GPU OpenCL Fine-Tuning Problem

Hi, today I have a C and OpenCL code fine-tuning problem to think about. This problem is quite complex to solve, and the truth is told, I do not know how and why it does not work. The example is from the actual project at https://github.com/sowson/darknet.
OpenCL
Let me first show you slow to compute version of the example method in OpenCL.

__kernel void  mean_kernel(int N, __global float *x, int batch, int filters, int spatial, __global float *mean)
{
    float scale = 1.f/(batch * spatial);
    int id = (get_group_id(0) + get_group_id(1)*get_num_groups(0)) * get_local_size(0) + get_local_id(0);
    if (id >= N) return;
    int i = id;
    mean[i] = 0;
    int j, k;
    for (j = 0; j < batch; ++j) {
        for (k = 0; k < spatial; ++k) {
            int index = j * filters * spatial + i * spatial + k;
            mean[i] += x[index];
        }
    }
    mean[i] *= scale;
}

To give you all the aspects of computation, you need to see also the C code that invokes this one GPU kernel.
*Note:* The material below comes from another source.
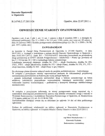 OBWIESZCZENIE STAROSTYOPATOWSKIEGO
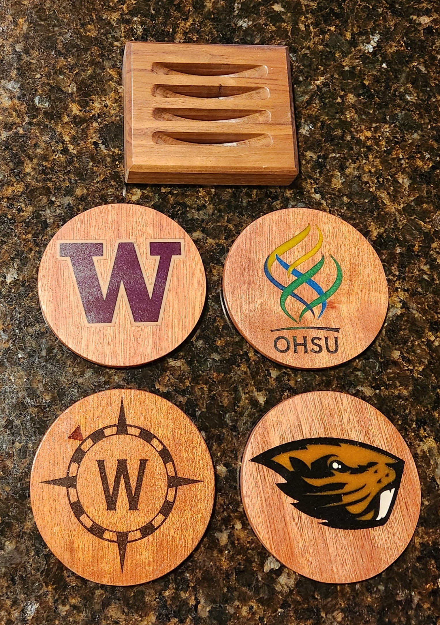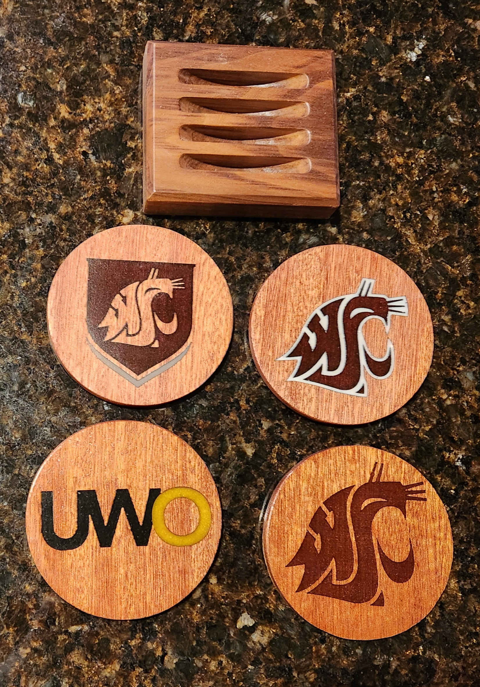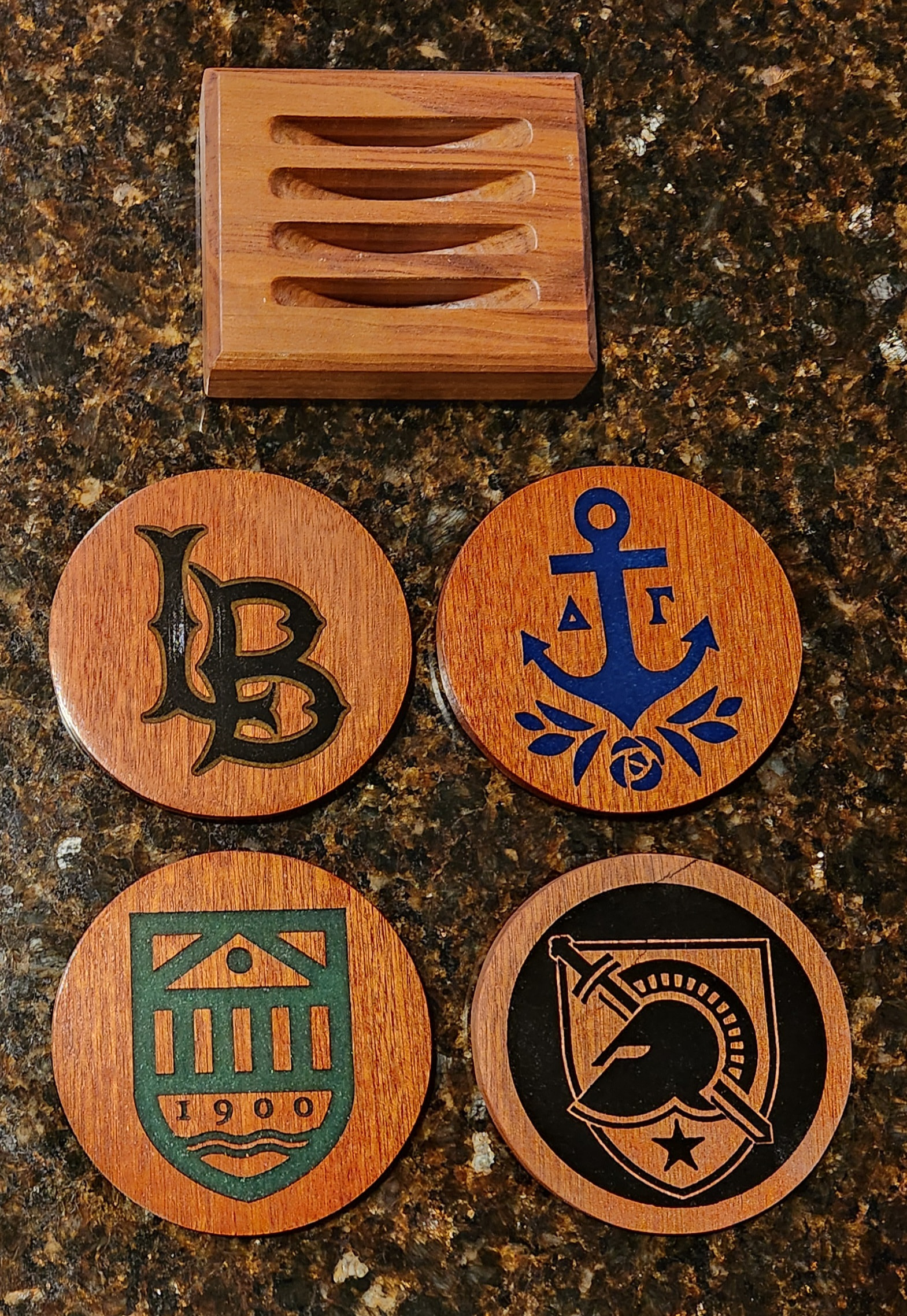 Coasters were laser engraved on Sapele discs, then colored with epoxy resin and backed with cork. Holders are Black Walnut, cut with a CNC.

void mean_gpu(cl_mem_ext x, int batch, int filters, int spatial, cl_mem_ext mean)
{
    size_t N = filters;
    dim2 dimGrid;
    dimGrid = dim2_create(N, 1);
    opencl_kernel(opencl_mean_kernel[opencl_device_id_t], dimGrid, 12, &N, sizeof(cl_int), &x.mem, sizeof(cl_mem), &batch, sizeof(cl_int), &filters, sizeof(cl_int), &spatial, sizeof(cl_int), &mean.mem, sizeof(cl_mem));
}

Now let me show you fine-tuned ready-to-code in OpenCL.

__kernel void fast_mean_kernel(int tuning, __local float *sums, int filters, int batch, int spatial, __global float *x, __global float *mean)
{
    int i = get_global_id(0);
    int t = get_local_id(0);
    sums[t] = 0;
    int j,k;
    for (j = 0; j < batch; ++j) {
        for (k = t; k < spatial; k += tuning) {
            int index = j * filters * spatial + i * spatial + k;
            sums[t] += x[index];
        }
    }
    barrier(CLK_LOCAL_MEM_FENCE | CLK_GLOBAL_MEM_FENCE);
    if (t == 0) {
        mean[i] = 0;
        int s;
        for(s = 0; s < tuning; ++s) {
            mean[i] += sums[s];
        }
        mean[i] /= (spatial * batch);
    }
}

To give you all the aspects of computation, you need to see also the C code that invokes this one GPU kernel.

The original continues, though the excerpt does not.